La figura di Alfano ricorda molto da vicino quella di Galeazzo Ciano, il genero di Mussolini, dal “duce” nominato ministro degli Esteri. Nel 1939, quando Mussolini, dopo l’ invasione della Polonia da parte dell’esercito tedesco, dovette dichiarare la «non belligeranza» dell’Italia, non ancora pronta per la guerra, Ciano tentò di trattenere l’Italia dalla dichiarazione di guerra a fianco della Germania, poi avvenuta il 10 giugno 1940. Egli avrebbe voluto trasformare la non belligeranza in neutralità, e trattare con Parigi e Londra per ottenerne condizioni favorevoli all’Italia; ma il potere vero l’aveva il “duce”, e Ciano dovette rassegnarsi. Succede sempre così, quando il potere reale è nelle mani di uno solo. Alfano potrà anche illudersi di comandare lui, ma nel Pdl il potere è tutto nelle mani di Berlusconi, che possiede soldi, tanti soldi, e le televisioni pronte ad obbedire ai suoi ordini, e infinite possibilità di comprare giornalisti, deputati e senatori. Berlusconi ha nominato l’Alfano segretario dinanzi ad una platea plaudente, quando ancora la carica di segretario del Pdl non esisteva. La carica è stata istituita dopo. Ma non c’è Alfano che tenga. Nessuna democrazia è possibile, in regime di monarchia assoluta. A poco serve farlo esordire a Mirabello, dove si è riunito lo stato maggiore del Pdl dimostrando quanta paura facciano ancora il presidente della Camera Fini e la sua Mirabello di settembre. Come ho avuto occasione di dirgli, nel Pdl è insopportabile l’idea che abbia preteso la democrazia nel Pdl un uomo che ubbidendo sempre a Berlusconi avrebbe avuto nella sua nicchia la successione al Capo e una comoda carriera.

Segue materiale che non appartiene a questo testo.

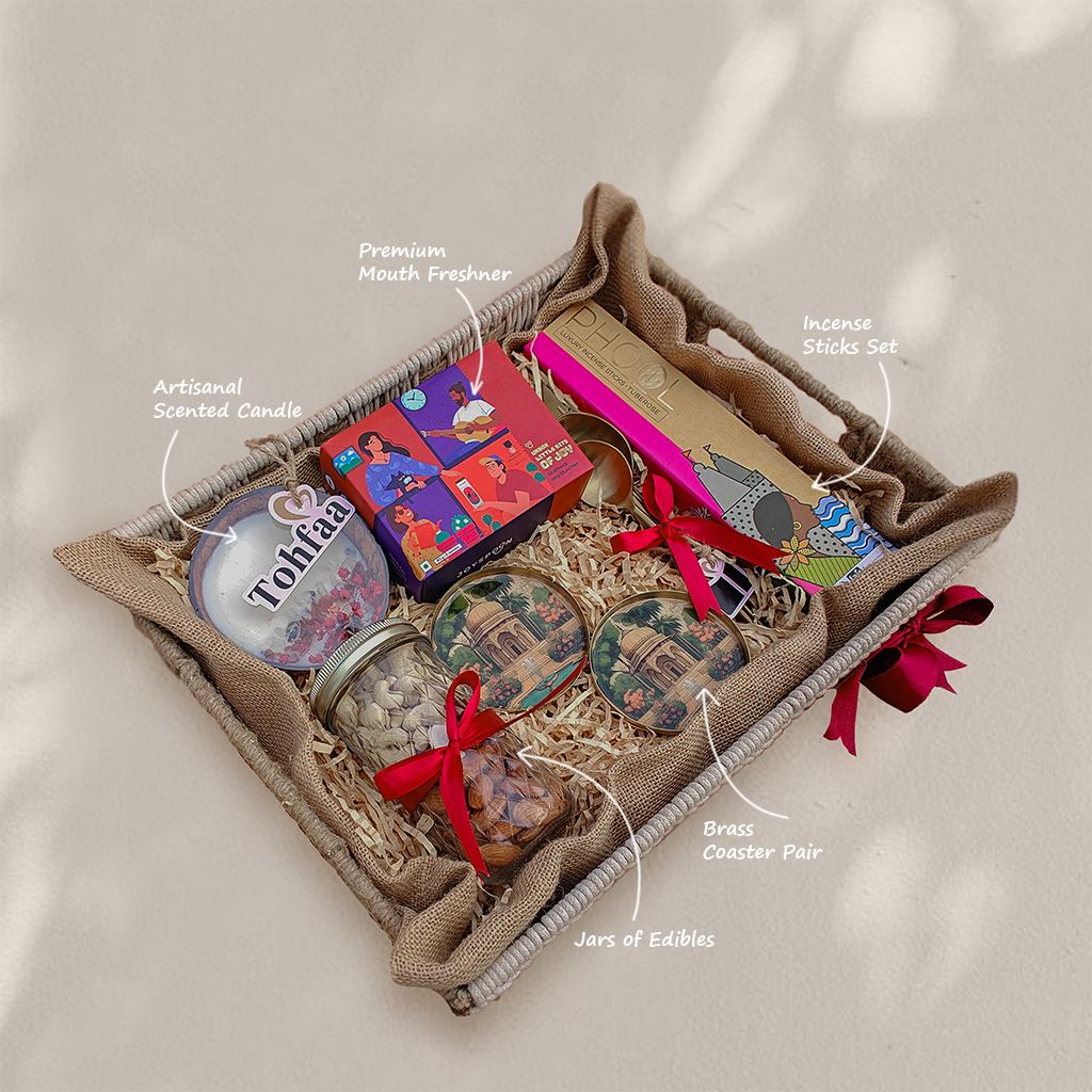 Celebrate traditions with a touch of grandeur. The Regal Celebration Tray is thoughtfully curated to reflect the richness of Indian heritage and modern sophistication.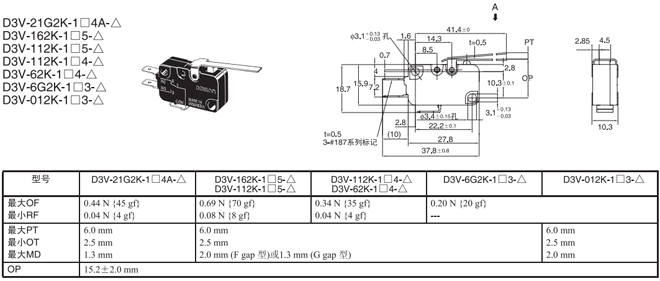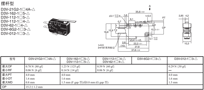 | R型摆杆型 | 内部安装 | 0.83N {85gf} | D3V-21G4-1□4A-△ | D3V-21G4-2□4A-△ | D3V-21G4-3□4A-△ |

Nella settimana tra l’11 e il 16 luglio si sono consumate altre due mascalzonate dell’attuale maggioranza. La prima è consistita nel rinviare il taglio dei costi della politica, che poteva fruttare almeno un miliardo: sacrifici per le famiglie italiane, dunque, ma non per i politici. La seconda è stata l’approvazione, alla Camera, della legge sul biotestamento, che Berlusconi ha usato ancora una volta come merce di scambio con il Vaticano. A quest’ultimo, infatti, non basta che il cattolico scelga per sé, in stato di coma, l’alimentazione e l’idratazione forzata: il sondino al naso o nella pancia va imposto per legge a tutti. Questo il senso della legge approvata il 12 luglio 2011. Frutterà dei voti a Berlusconi? C’è da dubitarne, perché sono molti i cattolici che ritengono che l’introduzione del sondino sia una terapia, e non la continuazione del bere acqua e del mangiare cibo. Checché ne pensi il Vaticano.
In questo bel campionario si è aggiunto il crescente distacco della Lega da Berlusconi. La base e gli elettori della Lega hanno imposto ai deputati del Carroccio il voto a favore dell’ arresto di Papa. Se ne è reso interprete il ministro dell’Interno Maroni, il quale naturalmente continua a professare fedeltà a Bossi. Bossi ha un rapporto notarile di amicizia con Berlusconi, ma, al di là dell’ossequio formale, non è più in grado di portarsi dietro il suo movimento, sempre più irritato dai casi di corruzione emersi nel Pdl (la P3 e la P4 di Bisignani). Sta tornando in campo in pieno la questione morale, come nel 1992, e su questa Bersani dovrà mettere in riga il Partito democratico, colpito in alcuni dirigenti di livello nazionale indagati dalla magistratura, se vorrà dimostrare agli italiani che il centrosinistra offre all’Italia un’alternativa anche morale al berlusconismo.